Etkili Siyasal İletişimin Özellikleri
Kaynağın özellikleri:
Siyasal iletişimde mesaj veren taraf olan kaynağın güvenilir olması, ikna yeteneğinin
olması gerekir. Mantıksal arka plan oluşturma olarak da özetleyebileceğimiz ikna edici
konuşma yani retorik 3’e ayrılır;
Hukuksal retorik; hukukun konusu olan, onu uygulayacak olan kitlelere hukukla ilgili
bilgilerin, kararların aktarılmasında anlaşılır olma, farklı algılamalara meydan vermeden
anlatılması sanatıdır.
Törensel retorik; parti başkanlarının açılış, yıldönümü, bayram veya anmalar gibi
konuşmalarda iyi “hatip” olmanın gereği olarak hedef kitleyi etkileyecek şekilde törenle ilgili
konulara değinilmesinin yanında bağdaştırıcı biçimde siyasi mesajların da verilmesi şeklinde
hedef kitleye ulaşmada yapılan ikna edici konuşmalardır.
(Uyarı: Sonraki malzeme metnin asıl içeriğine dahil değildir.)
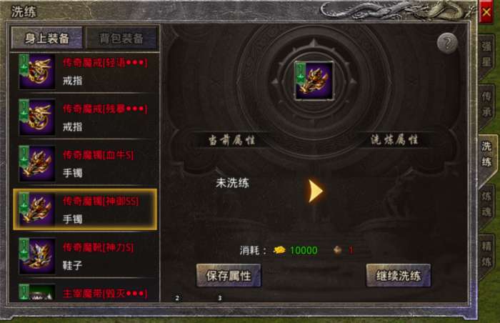 3、洗练仅能对火龙及以上品质装备进行,且需要消耗对应装备的洗练石和金币。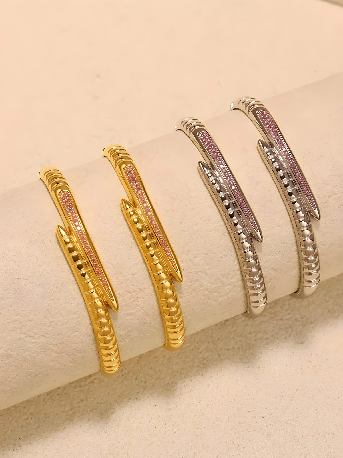 Elevate your style with this Snake Tails shaped stainless steel bracelet, expertly crafted for women who appreciate luxury. Featuring an 18k gold plating and adorned with sparkling zircon stones, this bangle combines durability with refined elegance. Its unique design adds a sophisticated edge to any outfit, making it a timeless accessory for both everyday wear and special occasions.

Politik retorik; mesaj veren kaynak Yaklaşımlarda istatistiksel veriler yerine, onun yabancısı
olmadığı yaklaşımlardan, örneklerden yola çıkar. Kısacası retoriksel konuşmada, izleyenin
sıkılması değil, tersine onu ikna edici, verilen mesajlara inandırıcı bir üslup kullanılır. Amaç
kaynağın hedef kitlenin nabzını tutarak, onu etkilemektir. Konuşmada kaynak, kişinin
ideolojisini belirtmeli, açık, yalın, basit olmalıdır.